Harun Farocki North American Premiere

  • Seattle Art Museum 1300 1st Ave Seattle, WA, 98101 United States

Aktionsart is honored to present the North American Premiere of PARALLEL I-IV (2012 - 2014), by Harun Farocki, during BLACK BOX 1.0.

It will be shown at Seattle Art Museum on May 28, 2014, at 7:30PM.

This work was first shown as a multi-channel installation at Galerie Thaddeas Ropac in January of 2014:

The question of how technologically produced images influence and define our social and political spheres, our consciousness and our habits, has been a leitmotiv in Farocki's work for many years. In his new cycle, Farocki describes the 30-year-long developmental history of computer graphics, with a special focus on the aspect of animation. The work is based on the assumption that we live in technologically produced image worlds, which Farocki characterises as ideal-typical. It seems that soon reality will no longer be the criterion for the imperfect image, but rather the virtual image will be the criterion for imperfect reality.


Curated by Julia Fryett.


Installation view of PARALLEL I-IV. Galerie Thaddeas Ropac, Paris.

The four-part cycle PARALLEL deals with the image genre of computer animation. Computer animations are currently becoming a general model, surpassing film. In films, there is the wind that blows and the wind that is produced by a wind machine. Computer images do not have two kinds of wind.

PARALLEL I opens up a history of styles in computer graphics. The first games of the 1980s consisted of only horizontal and vertical lines. This abstraction was seen as a failing, and today representations are oriented towards photo-realism.

PARALLEL II and III seek out the boundaries of the game worlds and the nature of the objects. It emerges that many game worlds take the form of discs floating in the universe – reminiscent of pre-Hellenistic conceptions of the world. The worlds have an apron and a backdrop, like theatre stages, and the things in these games have no real existence. Each of their properties must be separately constructed and assigned to them.

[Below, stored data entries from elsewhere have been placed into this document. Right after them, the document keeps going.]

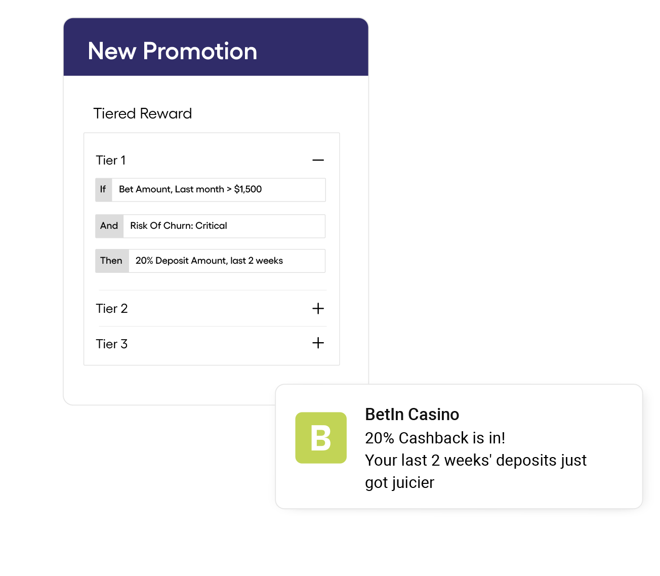 Configure recompensas inteligentes basadas en el comportamiento real, como el tamaño del depósito y la frecuencia de las apuestas, sin necesidad de ayuda de los equipos de datos.
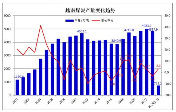 2024年1-2月俄罗斯煤炭产量同比增长0.5%,海运煤炭出口同比下降15.6%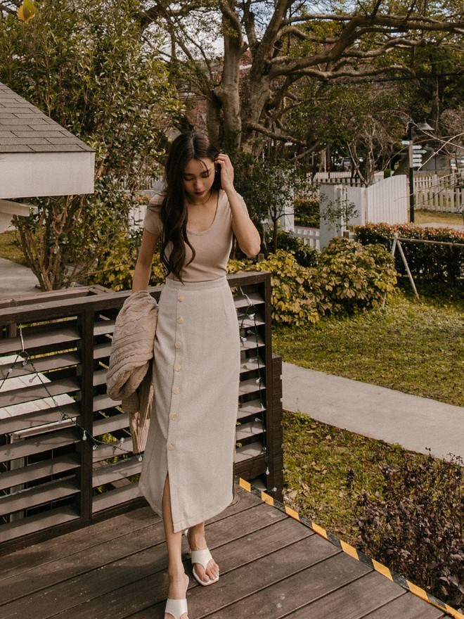 Khi đi dạo phố hoặc du lịch, chị em hãy tham khảo công thức gồm áo màu be kết hợp với chân váy suông, vải thô. Thao tác sơ vin và đôi giày mule cao gót giúp người mặc ghi trọn điểm phong cách. Ngoài ra, chi tiết xẻ tà còn giúp kéo chân thon dài.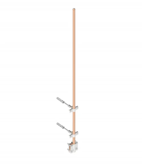 Молниеприемник с держателями устанавливается на вертикальную поверхность (например, стена, дымовая труба). В комплект молниеприемника входят два держателя с дюбелями и установочный соединитель для подключения токоотвода. Длина — 1500 мм. Материал стержня — медь, материал держателей и соединителя — нержавеющая сталь.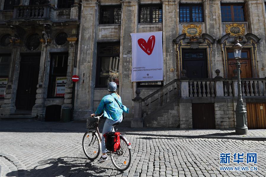 4月21日,在比利时布鲁塞尔大广场,一名女子骑车经过一家已经关门的老字号餐馆。 比利时国家公共卫生研究所21日发布公报说,比利时新冠肺炎确诊病例累计已达40956例。 新华社记者 郑焕松 摄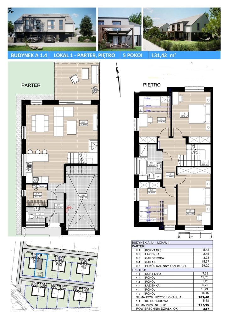 Oferuję na sprzedaż ładny, funkcjonalny bliźniak z garażem w stanie deweloperskim na kameralnym osiedlu w Dobrej, o powierzchni 137,1m2 położony na działce o powierzchni 377m2. Dojazd do osiedla jest drogą z kostki brukowej. Są z podjazdami i ogrodzeniem. Budynek jest zbudowany w standardzie deweloperskim, z rekuperacją, z możliwością montażu instalacji hybrydowej oraz z podwójną ścianą wewnętrzną zapewniającą komfort. Na parterze znajduje się przestronny salon z aneksem kuchennym o powierzchni (43,70)m2, łazienka (3,30)m2, garderoba (5,18)m2, korytarz (4,36)m2. Na piętrze znajdują się trzy pokoje ( 11,39, 9,99, 14,99)m2, garderoba ( 3,48)m2, łazienka (6,41)m2, korytarz ( 4,92)m2, klatka schodowa (4,42)m2.W wyposażeniu piec gazowy z możliwością zamiany na pompę ciepła za dopłatą. brama garażowa ocieplana z napędem elektrycznym. Przygotowane są również puszki pod montaż rolet antywłamaniowych. Segment posiada 2 miejsca parkingowe. Serdecznie zapraszam na prezentację.

PARALLEL IV explores the heroes of the games, the protagonists whom the respective players follow through 1940s L.A., a post-apocalyptic, a Western or other genre worlds. The heroes have no parents or teachers; they must find the rules to follow of their own accord. They hardly have more than one facial expression and only very few character traits which they express in a number of different if almost interchangeable short sentences. They are homunculi, anthropomorphous beings, created by humans. Whoever plays with them has a share in the creator's pride.

-Harun Farocki



Artist Bio

Harun Farocki was born in 1944 in Neutitschein, an area in the Czech Republic, which had been annexed by the Germans at the time. For over 40 years he has lived and worked in Berlin. The work of the artist and film-maker has had a decisive influence on the history of the political film since the late 1960s. Besides over 100 productions made for  television and cinema, Farocki – as long-time author and editor of the magazine Filmkritik, curator, and visiting professor in Berkeley, Harvard and Vienna – has conveyed his reflections on the relation between society, politics and the moving picture. His huge significance for the visual arts is reflected in retrospectives of his films in institutions such as the Tate Modern/London, and solo exhibitions in the MUMOK (Museum of Modern Art)/Vienna, Jeu de Paume/Paris, Museum Ludwig/Cologne and more recently in the Kunsthaus/Bregenz. In 1997 and 2007, Farocki took part in the documenta in Kassel. For many years, the relation between technology and war has played a decisive role in Farocki's works.

On July 30th, 2014 Harun Farocki passed away near Berlin at the age of 70.